Nobody saw exactly what happened in the minutes leading up to Aziz Murad’s death. But when his friends got back to the boat where they had left him, they found only his severed hand in the fishing net he was untying.

“We were only gone for about five minutes,” says Abu Sufyan, who was first to reach the boat. “When we got back, he was gone and there was blood everywhere.”

Conflict between people and wildlife is intensifying across the planet as habitat loss, growing populations and the climate crisis fuel competition for fertile, habitable land. In the Sundarbans, on the southern coast of Bangladesh, an estimated 300 people and 46 tigers have been killed in human-tiger conflict since 2000.

A tiger lying down, looking at the camera through grassy undergrowthView image in fullscreen

Bangladesh’s Sundarbans is the world’s largest contiguous mangrove forest. The Unesco world heritage site – a maze of islands, winding creeks and mudflats – is home to a huge variety of plants and animals. It is also a sanctuary for some of the world’s most endangered species, including the largest single population of Bengal tigers.

Over the next few decades, researchers predict that climate change and rising sea levels mean no suitable tiger habitat will be left in the Sundarbans by 2070. According to Bangladesh’s last census, 114 tigers are estimated to remain; down from 440 in 2004. The results of the latest census are expected in July.

But it is not only tigers that face an existential threat. More than 3.5 million people live on the edge of the Sundarbans, eking out an existence by fishing, collecting honey or wood, and subsistence farming. More than 40% of households are below the poverty line, but the climate emergency has made life here even harder.

A thatched cottage on a mudflat barely out of the water with palm trees in the backgroundView image in fullscreen

As sea levels rise, islands disappear and increasing water salinity threatens the health of mangrove forests and the quality of soil and crops. Disruptions to fish populations also create disastrous consequences for communities.

As a result, desperate villagers are often left with little choice but to venture deeper into the forest, making them more vulnerable to tiger attacks. The intensive exploitation of the forest is also forcing tigers to leave the forest in search of food, targeting livestock and humans.

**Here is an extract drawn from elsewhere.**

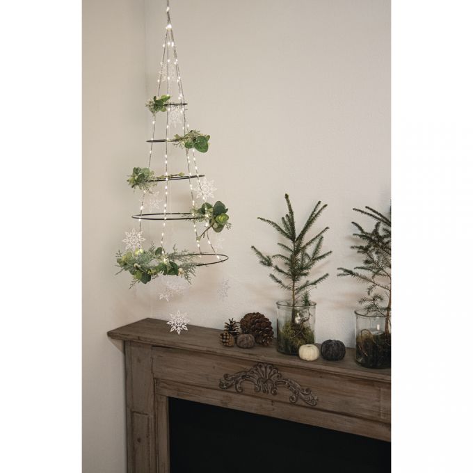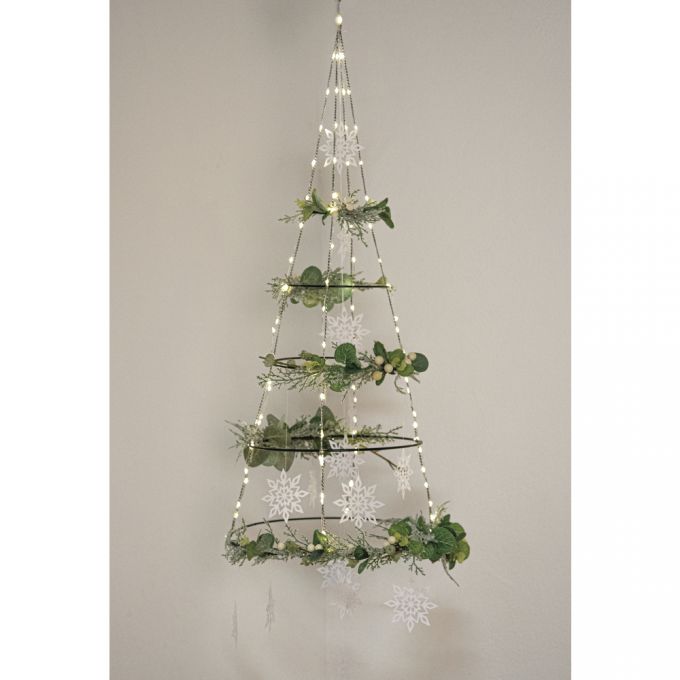 Pritrdite lučke na prejo. Potegnite pramen luči od zgoraj navzdol vzdolž vseh 4 pramenov preje. Sedaj je osnova končana in lahko okrasite posamezne kovinske obroče z različno dekoracijo. Najbolje je, da posamezno dekoracijo pritrdite na kovinske obroče s cvetličarsko žico. S pištolo za vroče lepilo lahko vmes prilepite tudi posamezno jagodičevje, storžke,..

The Bangladesh government is constructing a 40-mile fence to keep tigers and people out of each other’s territories and has set up 49 tiger-response teams in an effort to lessen the conflict.

These groups of villagers are trained to scare tigers back into the forest, monitor local human-tiger conflicts and stop other local people killing tigers. The teams, with Bangladesh’s Forest Department, might release dozens of tigers back into the forest over a year, preventing harm to both animals and people.

But they could not save Aziz Murad. On a cool spring morning in Koyra, a coastal sub-district of Khulna, Murad’s widow, Shuna Banu, 43, sits in the shade of a banana tree and recounts how her life changed that fateful day.

“I remember receiving the phone call,” she says. “Though tiger attacks are common in this area, nothing prepared me for what would come next.”

A composite photo of two images: on the left, the sun seen through mangrove trees and glinting on water; in the other, a middle-aged south Asian woman wearing a traditional dupatta over her head and shouldersView image in fullscreen

The attack in 2020 did not just leave Banu without a husband; it turned her into an outcast overnight. In a superstitious society where being a “tiger widow” carries its own stigma, she was considered cursed and ultimately blamed for her husband’s death.

Banu joined hundreds of other women living in the Sundarbans region referred to as swami khejos – “husband eaters”.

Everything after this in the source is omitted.